For each line below that includes the string "antiplagiat", show the whole line.
[Opening DATA SUPPLIED section]
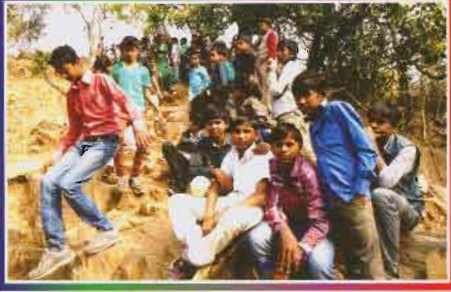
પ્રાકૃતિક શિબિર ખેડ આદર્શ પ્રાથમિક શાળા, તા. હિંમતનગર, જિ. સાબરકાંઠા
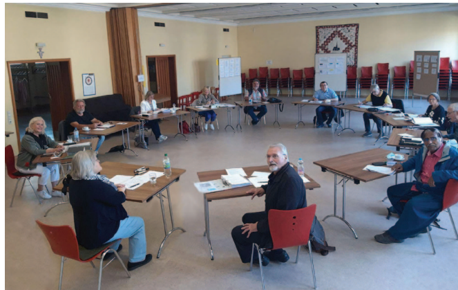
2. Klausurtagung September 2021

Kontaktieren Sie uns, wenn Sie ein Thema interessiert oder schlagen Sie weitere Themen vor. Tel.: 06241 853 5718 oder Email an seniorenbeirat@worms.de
[Closing DATA SUPPLIED section]
[Opening DATA SUPPLIED section]
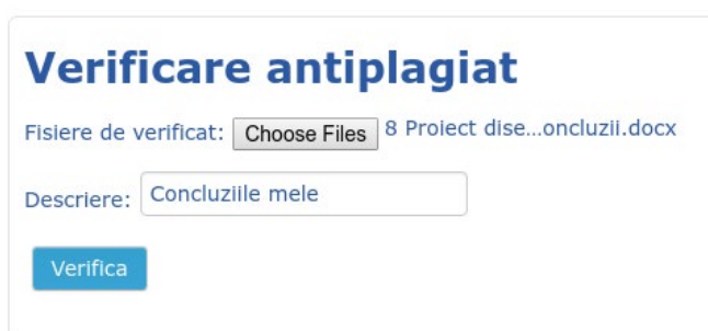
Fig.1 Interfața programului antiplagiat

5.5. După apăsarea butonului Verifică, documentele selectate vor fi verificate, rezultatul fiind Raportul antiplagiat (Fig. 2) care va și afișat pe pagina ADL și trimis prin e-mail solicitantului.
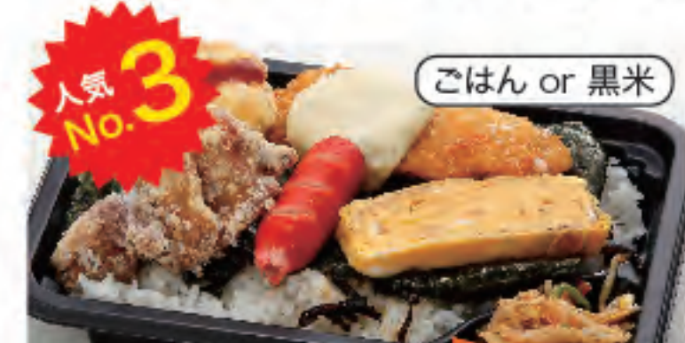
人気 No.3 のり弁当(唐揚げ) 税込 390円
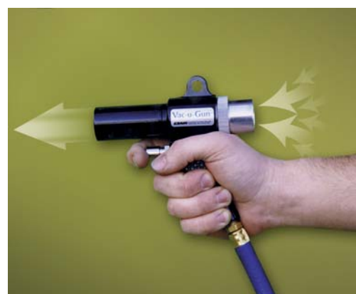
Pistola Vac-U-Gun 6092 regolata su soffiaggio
[Closing DATA SUPPLIED section]
=== SOLUTION ===
Fig.1 Interfața programului antiplagiat
5.5. După apăsarea butonului Verifică, documentele selectate vor fi verificate, rezultatul fiind Raportul antiplagiat (Fig. 2) care va și afișat pe pagina ADL și trimis prin e-mail solicitantului.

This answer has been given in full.